Khaula Saleh spoke to Volker Perthes, Middle East expert and director of the German Institute for International and Security Affairs in Berlin, and asked him about the political significance of the Mediterranean Union founded in Paris by the EU and the 18 littoral states of the Mediterranean in Europe, north Africa, and the Middle East
The summit to launch the Mediterranean Union was applauded around the world. How do you view this development? Do you think that it will lead to an improvement in co-operation around the Mediterranean?
Volker Perthes: I think it is still too early to take stock at this stage because decisions have yet to be made about individual projects and their implementation. I think that it is good that with the exception of Libya, all littoral states of the Mediterranean and/or members of the European Union took part in this summit. It is also good that there has been a détente in the relations between Syria and Lebanon and Syria and the European Union. This is an important first step without which it would not be possible to launch certain co-operation projects.
The summit to launch the Mediterranean Union would appear first and foremost to mark the end of Syria's international isolation. What effect could this development have on the region and on the nuclear stand-off with Iran.
Perthes: I don't think it will have any immediate effect on the nuclear stand-off with Iran. There is another conflict in the region that is much, much older than the nuclear conflict with Iran, namely the conflict between Israel and its Arab neighbours, which could possibly have taken one – if not two – steps towards a solution at the weekend. If the constructive, serious peace talks between Israel and Syria continue, this will also have positive effects on the negotiations and peace efforts of the Palestinians and the Israelis.

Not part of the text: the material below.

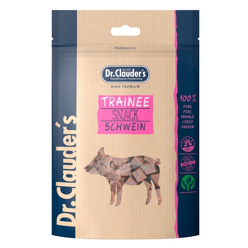 Los Dr. Clauder’s Trainee Schwein Snack son taquitos 100% carne de cerdo, elaborados con un proceso de secado suave que conserva el aroma y los nutrientes naturales. Un snack premium ideal para adiestramiento positivo o como premio diario para tu perro. Su bajo contenido en grasa y su fórmula sin cereales ni azúcar los convierten en una opción saludable y deliciosa.

After all, any détente in the region will benefit those in Israel and the Palestinian territories who are working to bring about reconciliation. We saw evidence of this when the Palestinian president, Mahmud Abbas, went to Damascus. And if Syria were to make peace with Israel, it would not be interested in supporting Hamas or the Palestinian branch of Islamic Jihad, or other more radical organisations in the Palestinian territories.
It would appear that progress between Syria and Israel is just as possible as progress in the relations with Lebanon and the European Union. Do you think that it is correct to say that all of this is down to French diplomacy and is, therefore, evidence of what France claims is its leading role in European Middle East and Mediterranean policy-making?
Perthes: French diplomacy did indeed play a role here, as did other players in the region such as the government of Qatar, especially as far as the relations between Syria and Lebanon are concerned. However, the relations and negotiations between Israel and Syria are moderated by Turkey, not by France. I think it is very important that the Turkish government be praised for its intensive and to date apparently successful mediation in this matter.
Do you think that it is evidence of what France claims is its leading role in European Middle East and Mediterranean policy-making?
Perthes: Jacques Chirac was most definite about staking France's claim to a leading policy-making role in this regard and I think that Mr Sarkozy is currently trying to establish a framework for this claim. Whether other European states and the states of the Middle East accept this will depend above all on how effectively France plays its hand. Initially, the French foreign minister thought that he could just hop on a plane to Lebanon, pay a visit to all of the conflicting parties, and leave again with a solution in his "instant diplomacy", in other words. When he handled matters in this way, he was not very successful and so, France's claim to a leading role was not acknowledged.
Do you think it possible that direct negotiations will take place between Syria and Israel in the near future?
Perthes: I think that such direct negotiations must take place soon. It is probable that they will not take place immediately, but that they will wait until an American mediator is ready to attend the negotiations and maybe even to play a leading role. It would also appear as if the Israelis and the Syrians agree that it would be best to wait for the new, the next American administration.